Over the years, Chute has featured such figures as David Cronenberg, Roger Corman, George Miller, Joe Dante, Brian De Palma, Water Hill, James Cameron, Zhang Yimou, Seijun Suzuki, Tsui Hark and Hayao Miyazaki and has edited sections on Hong Kong and Bollywood. movie theater. Pauline Kael cited the Miller profile of Chute in her review of The New Yorker of The road warrior (nineteen eighty one).

Fall also covered Lawrence Kasdan during american cinema; Jackie Chan, Youssef Chahine, Om Puri and Pedro Almodovar for LA Weekly; Philip Kaufman and Francis Ford Coppola for the Los Angeles Times; and Gong Li and Woo for Vanity Show.

“Honestly, I cannot quote another review including [Roger] Ebert and Kael, ”wrote critic Wade Major,“ who seems to have touched so many lives ”.

David Chute with actor Chow Yun-Fat.
Courtesy of Anne Thompson

Chute helped popularize Hong Kong cinema in the United States. He introduced Woo to Universal director James Jacks, who supported the filmmaker’s first American film, Difficult target (1993). Chute served as the unit publicist on this film and on Woo’s Broken arrow (1996) and that of Quentin Tarantino Jackie Brown (1997).

Chute and Tarantino together recorded commentary tracks for a set of classic martial arts reissues from The Shaw Brothers of Hong Kong, and Chute has contributed to several Criterion Collection releases for Hong Kong films.

“David was an extremely fine and insightful film writer, and I have always enjoyed the articles and reviews he wrote for various film magazines,” wrote producer Terence Chang. “He championed the films of John Woo and other Hong Kong directors long before anyone heard of them. Likewise, he made us discover the brilliance of Indian cinema when no one took it seriously. Above all, David was the most decent, genuine, honest and kindest friend I have ever known. A rare breed in this industry in which he worked.

In 2003, Chute and Cheng-Sim Lim organized a UCLA Film & Television Archive series, Heroic Grace: Chinese Martial Arts Movie, accompanied by essays by critics David Bordwell and Berenice Reynaud, among others. A year later he was curator of the Indian cinema series Bombay melody at UCLA.

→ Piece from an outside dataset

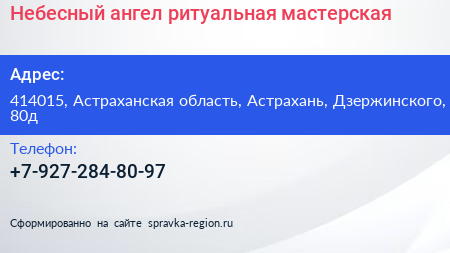 Небесный ангел, ритуальная мастерская по адресу 414015, Астраханская область, Астрахань, Дзержинского, 80д в дальнейшем Организация, размещена в следующих категориях:

“David had a knack for doing things like that,” Lim wrote, “recognizing talent where others (especially Western critics) weren’t looking. “

From 2004 to 2013, Chute was a senior editor at the UCLA School of Theater, Film & Television while continuing to provide reviews of new versions of Bollywood at LA Weekly, Variety and IndieWire. In recent years, he had prepared a definitive historical overview of Wuxia martial arts cinema.

In addition to his daughter and Thompson, now editor at IndieWire, he is survived by his sister, Dian. A memorial service will be held privately in Los Angeles.